/---

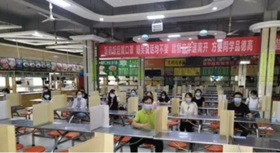 保障安全“放心餐”,进行洗手消毒,接受体温检测,体温正常者依次进入食堂,就餐时单人单桌、同向就坐。
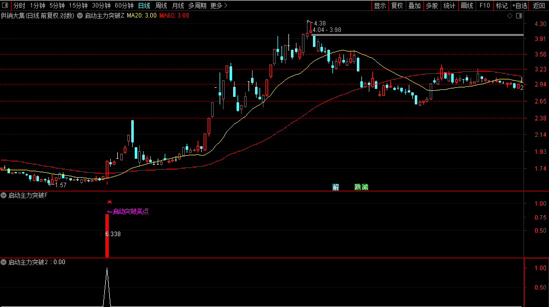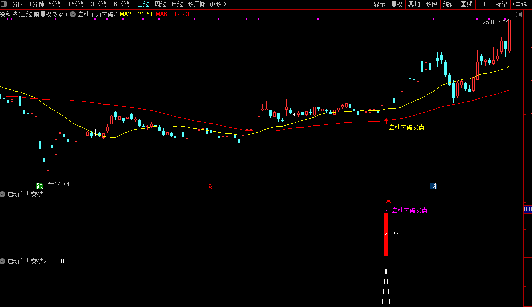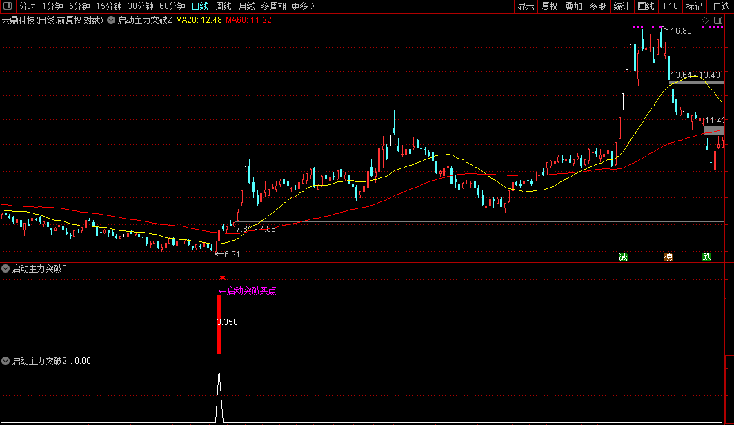 通达信【启动主力突破】主副图/选股指标识别短线强势股初始突破点的买入机会源码
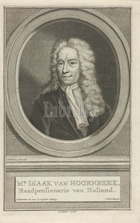 Portrait, Isaac van Hoornbeek Isaak van Hoornbeek, title, object, bust, right, Isaac van Hoornbeek, oval, portrait rests, plinth, name, two lines, Dutch, Jacob Houbraken, mentioned, Amsterdam, 1749, 1759, paper, engraving
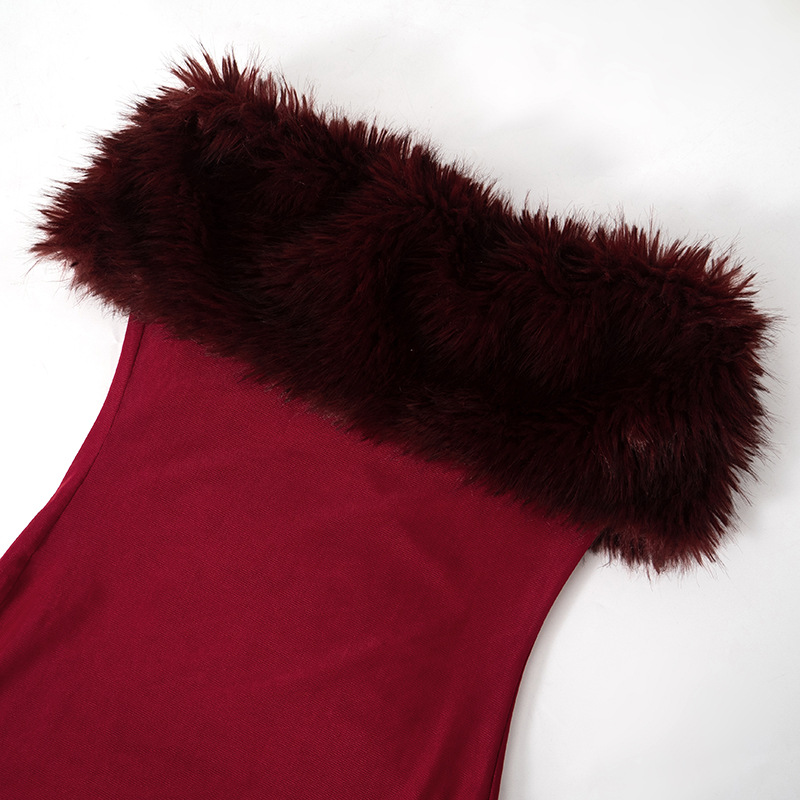 Lunivop Women's Fur Collar Mesh Splicing Tube Top Party Hot Girl Sexy Long Dress Elegant Sexy Party Dress Club Outfit
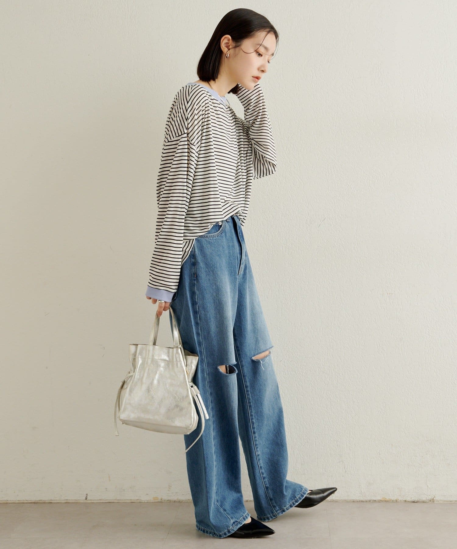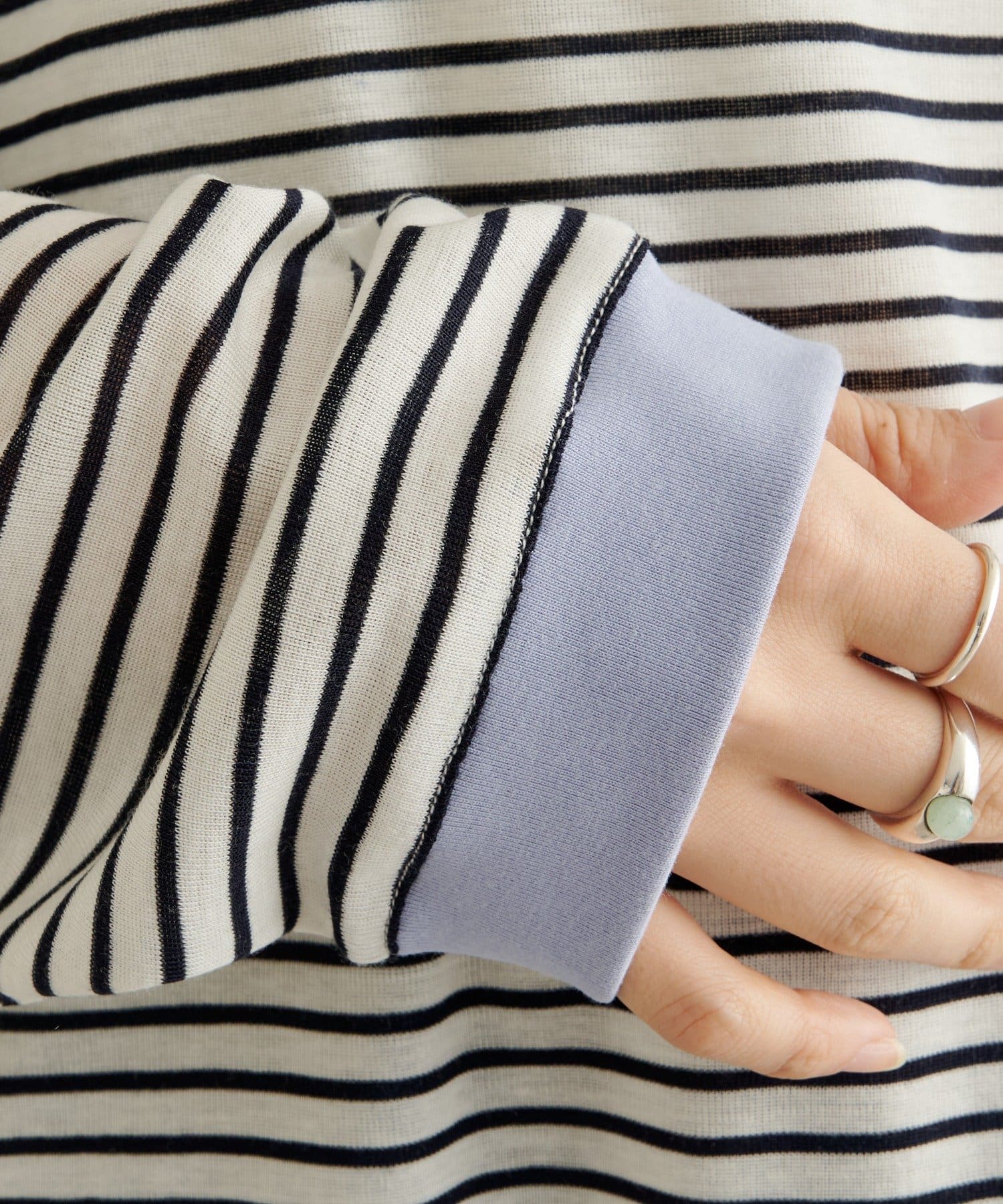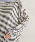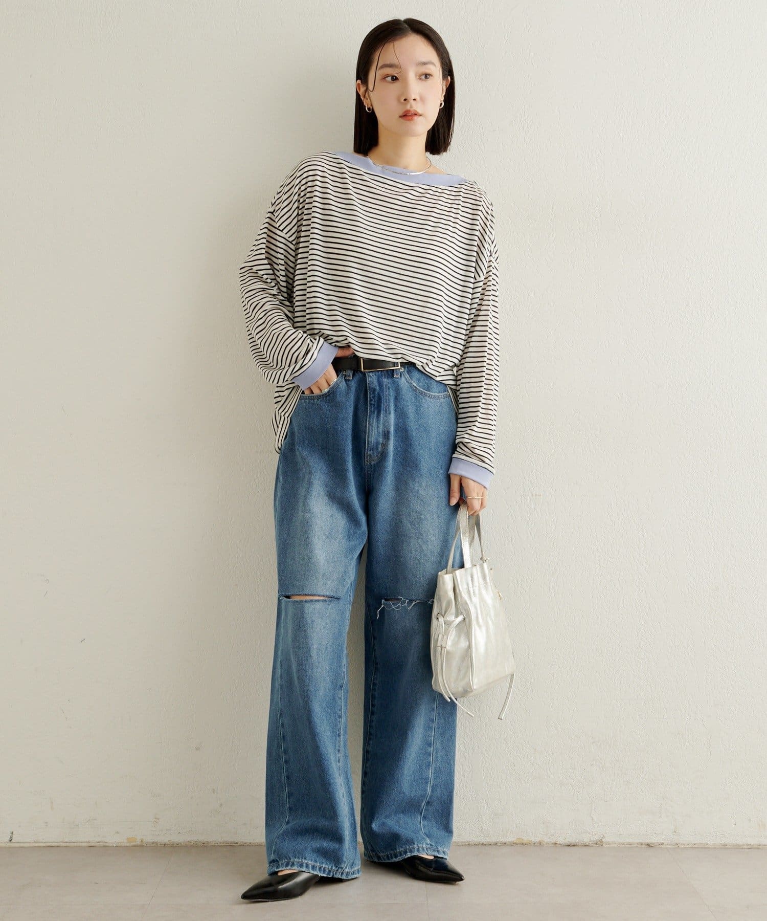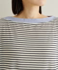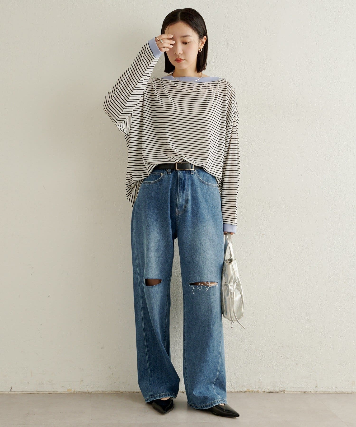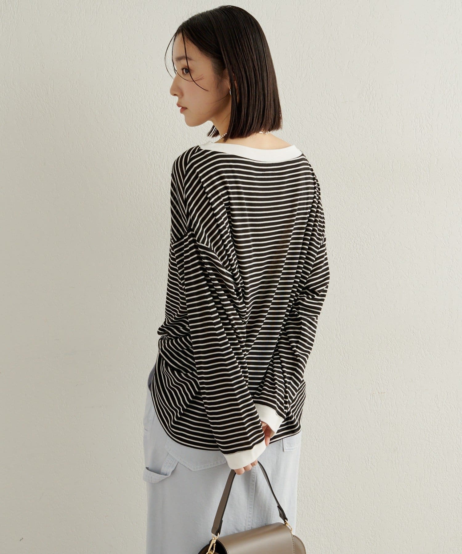 ・ネックのバイカラーな配色がアクセントになったボーダーオフショルロングTシャツ。
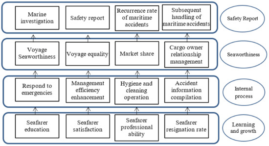 According to the strategic map developed by [37], as shown in Figure 4, this paper illustrated a designed strategy map to enhance risk accident analysis. Like the BSC dimension, internal processes promote the customer satisfaction. Marine seaworthiness is the same as the objective of BSC customer satisfaction. The proficiency of crew operation is to reduce the probability of maritime accidents. Finally, the strategy map aims at the financial results of the enterprise, and the maritime safety report is just like the financial dimension of BSC. This result can be compared with the past literature and effectively apply strategic management to environmental risk assessment [35,36].
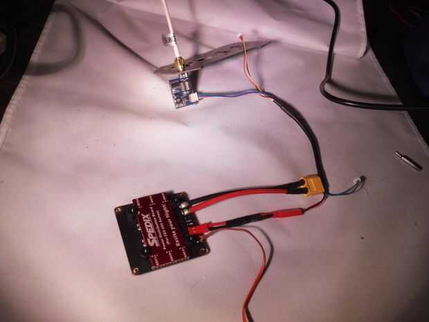 Para hacer el adaptador para la corriente video. Utilice 2 conectores JST macho y corte los cables rojo y negro para soldarlos de nuevo juntos. El arnés de cableado de vídeo se monta en la fábrica con un conector JST hembra y que no se deslizará sobre los pernos en el tablero de distribución de energía. Si usas la marca sugerida 3 celdas baterías seguro que está en el grifo de la pila y no la toma de 12v. está regulada 12V para 4 pilas y puede perder el video cuando el voltaje cae por debajo de 12v en un paquete de 3 celdas.
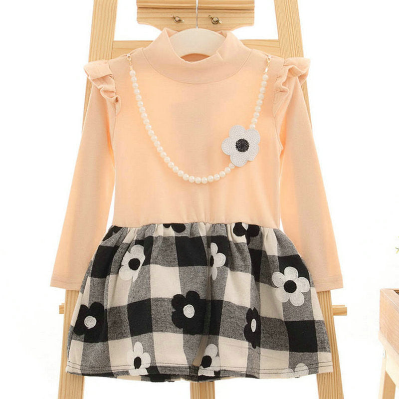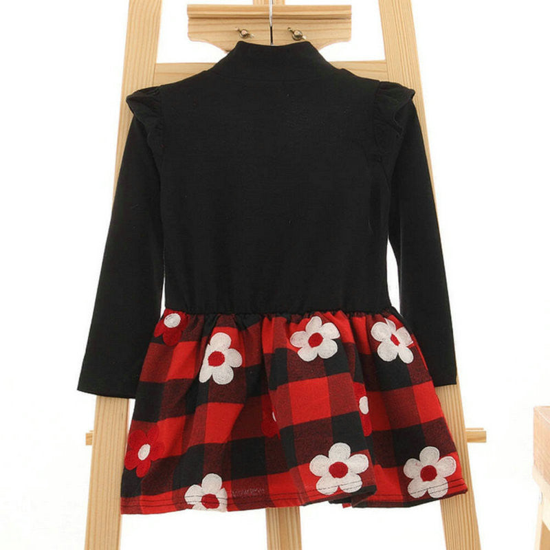 2-7Y Kids Baby Girls Flower Plaids Dress Ruffle Long Sleeve Princess One Piece Party Tutu Dresses PY

\---

> **YOUR TASK**
Starting with the first entry and ending with the last, reproduce the listing exactly, without its pictures.

> **YOUR RESPONSE**
 保障安全“放心餐”,进行洗手消毒,接受体温检测,体温正常者依次进入食堂,就餐时单人单桌、同向就坐。
 通达信【启动主力突破】主副图/选股指标识别短线强势股初始突破点的买入机会源码
 Portrait, Isaac van Hoornbeek Isaak van Hoornbeek, title, object, bust, right, Isaac van Hoornbeek, oval, portrait rests, plinth, name, two lines, Dutch, Jacob Houbraken, mentioned, Amsterdam, 1749, 1759, paper, engraving
 Lunivop Women's Fur Collar Mesh Splicing Tube Top Party Hot Girl Sexy Long Dress Elegant Sexy Party Dress Club Outfit
 ・ネックのバイカラーな配色がアクセントになったボーダーオフショルロングTシャツ。
 According to the strategic map developed by [37], as shown in Figure 4, this paper illustrated a designed strategy map to enhance risk accident analysis. Like the BSC dimension, internal processes promote the customer satisfaction. Marine seaworthiness is the same as the objective of BSC customer satisfaction. The proficiency of crew operation is to reduce the probability of maritime accidents. Finally, the strategy map aims at the financial results of the enterprise, and the maritime safety report is just like the financial dimension of BSC. This result can be compared with the past literature and effectively apply strategic management to environmental risk assessment [35,36].
 Para hacer el adaptador para la corriente video. Utilice 2 conectores JST macho y corte los cables rojo y negro para soldarlos de nuevo juntos. El arnés de cableado de vídeo se monta en la fábrica con un conector JST hembra y que no se deslizará sobre los pernos en el tablero de distribución de energía. Si usas la marca sugerida 3 celdas baterías seguro que está en el grifo de la pila y no la toma de 12v. está regulada 12V para 4 pilas y puede perder el video cuando el voltaje cae por debajo de 12v en un paquete de 3 celdas.
 2-7Y Kids Baby Girls Flower Plaids Dress Ruffle Long Sleeve Princess One Piece Party Tutu Dresses PY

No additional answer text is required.